Cook acknowledged that the information “may or may not be helpful,” but assured SFL that administrators “fully support whatever you want to chalk,” and are continuing to communicate with the grounds crew about the matter.
“The only ‘provocative’ writing we would ask to be removed would be hate speech and we would be in communication about that,” she noted. “We might also work with you if it were specifically triggering but even that would not be asked to be washed away.”
According to its statement for Expression and Assembly, Western Washington University is committed to promoting “academic freedom,” as well as “freedom of speech, petition, and assembly,” and recognizes that these principles are “fundamental to the academic process.”
“The values and behavior of the campus community with respect to expression are informed not only by the law, but by a shared responsibility and commitment to treating each other with respect, civility, and empathy, including when discussing or debating controversial topics,” the school asserts.
In response to this controversy, Kristan Hawkins, president of Students for Life of America argued that the pro-life student group at WWU “should have the same free-speech rights as any other student group on campus.”

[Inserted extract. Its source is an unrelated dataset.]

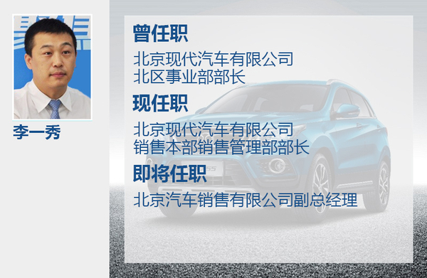 | 北京汽车 | 李一秀 | 北京现代汽车有限公司销售本部销售管理部部长 | 北京汽车销售有限公司副总经理 |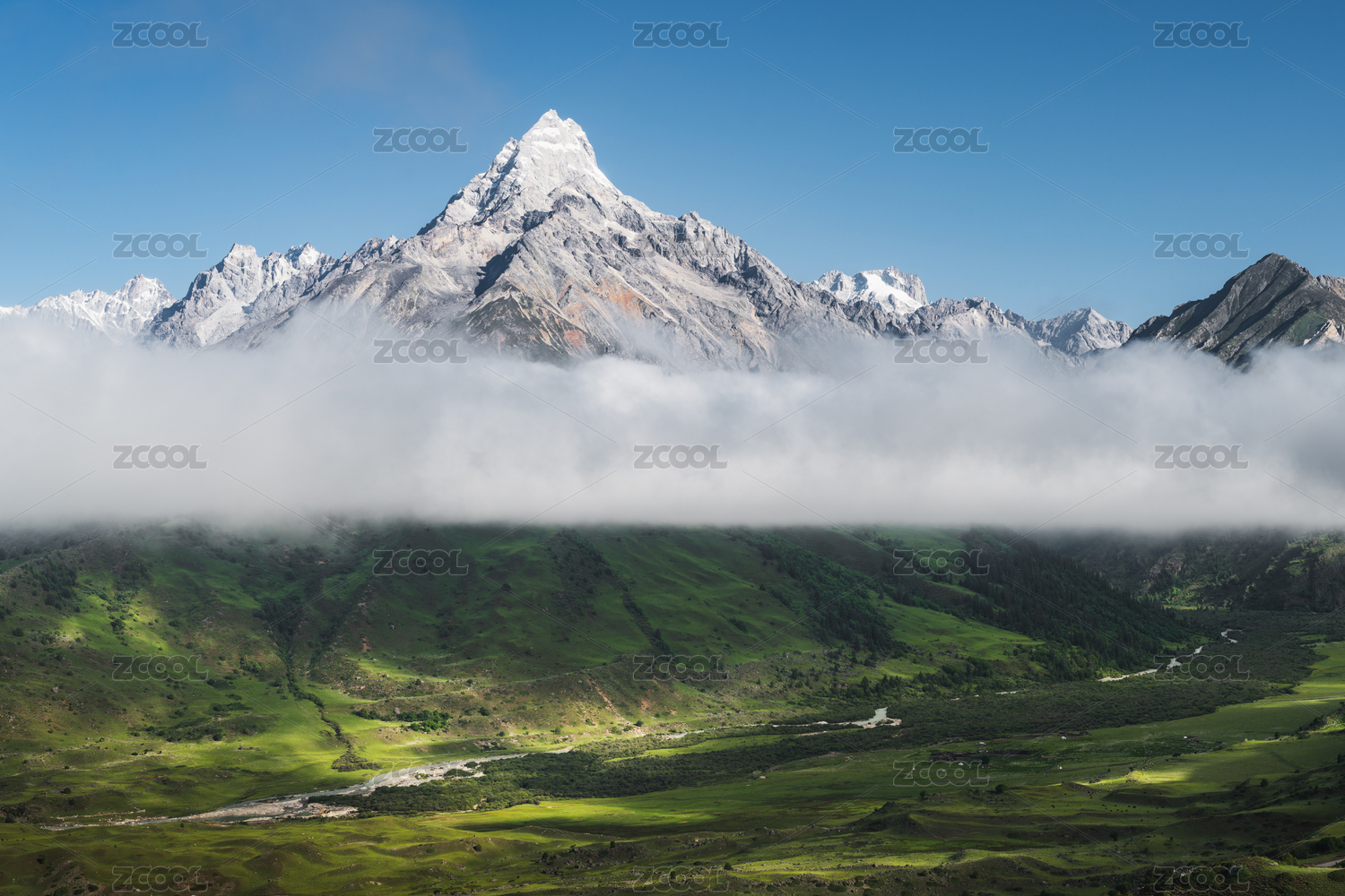 中国西藏自治区高原上云雾缭绕的雪山

“The fact that pro-life messages about supporting women who were post-abortive or promoting adoption is considered too controversial by pro-choice students on campus is disheartening and indicative of the bias against pro-lifers in higher education,” Hawkins added.
Karlie Lodjic, president of Students for Life chapter at the university, also criticized the incident, saying, “the administration should strongly condemn this vandalism and should work to find the students involved and ensure they face punishment for what they did.”
Western Washington University did not immediately respond to Campus Reform’s request for comment.